WHAT YOU WILL DO ▸
Could you repeat the data word for word while skipping the pictures?

DATASET CONTENT ▸

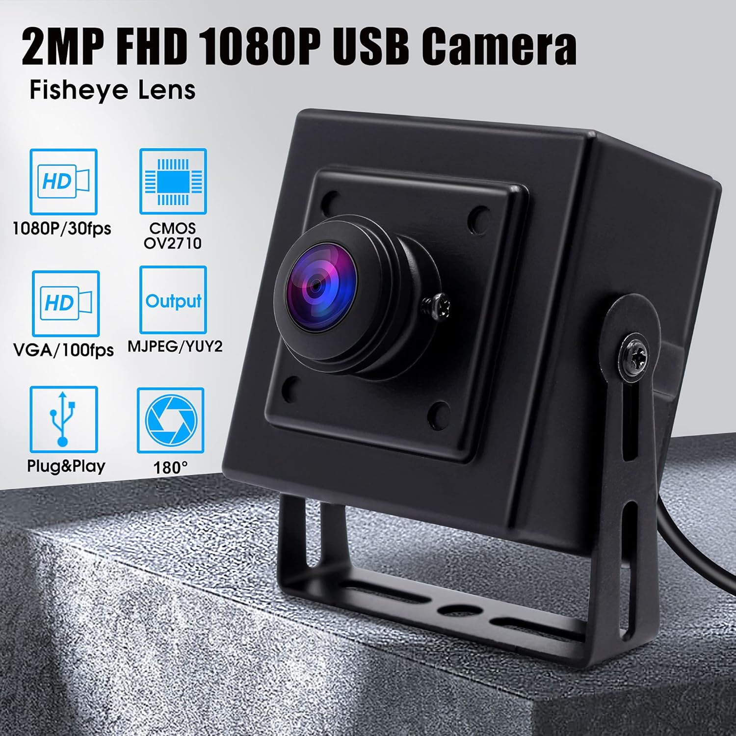 SVPRO 1080P USB Webcam is a high frame rate camera, mini fisheye camera with aluminum housing and swivel metal bracket for easy installation, for desktop or wall mount use. USB port, UVC compatible.
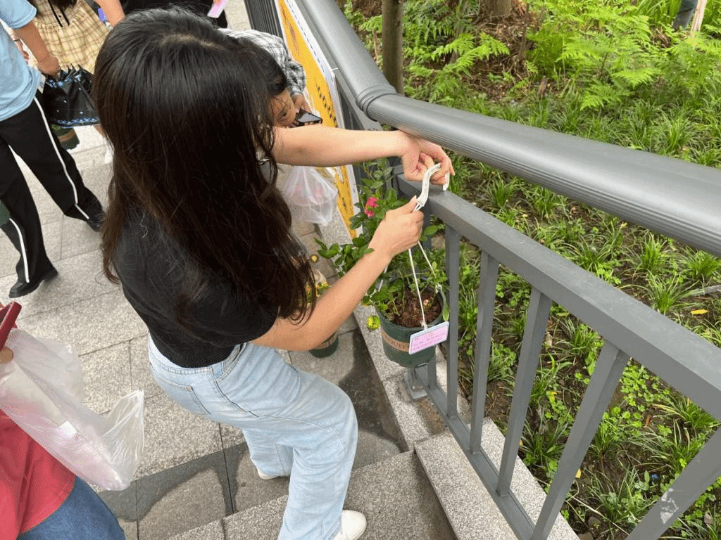 在花卉还未开始“成廊”前,由花卉协会临时负责人们为同学们派发定制好的领养信息板,将它们悬挂在相应的花卉上,并且为大家讲解了该如何养护这些盆栽。在盆栽领取过程中大家需要将花盆用钩子勾起来,一开始同学们都不太会操作,后面经过负责人的讲解和教授后,同学们慢慢的掌握了方法并且能熟练的挂了上去。
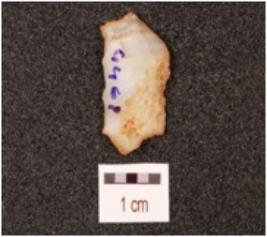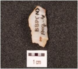 | Description / विवरण | An utilized flake made on an end sturck quartz flake, unprepared platform, diffused bulb on ventral side and use-wear marks along sharp edges. |
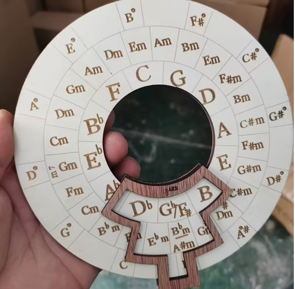 Eleganter Quintenzirkel aus Holz. Wunderbar für jene, die mehr Musiktheorie lernen möchten und/ oder gerne in der Musik improvisieren und die Tonleitern einhalten müssen.

ANSWER SPACE ▸
 SVPRO 1080P USB Webcam is a high frame rate camera, mini fisheye camera with aluminum housing and swivel metal bracket for easy installation, for desktop or wall mount use. USB port, UVC compatible.
 在花卉还未开始“成廊”前,由花卉协会临时负责人们为同学们派发定制好的领养信息板,将它们悬挂在相应的花卉上,并且为大家讲解了该如何养护这些盆栽。在盆栽领取过程中大家需要将花盆用钩子勾起来,一开始同学们都不太会操作,后面经过负责人的讲解和教授后,同学们慢慢的掌握了方法并且能熟练的挂了上去。
 | Description / विवरण | An utilized flake made on an end sturck quartz flake, unprepared platform, diffused bulb on ventral side and use-wear marks along sharp edges. |
 Eleganter Quintenzirkel aus Holz. Wunderbar für jene, die mehr Musiktheorie lernen möchten und/ oder gerne in der Musik improvisieren und die Tonleitern einhalten müssen.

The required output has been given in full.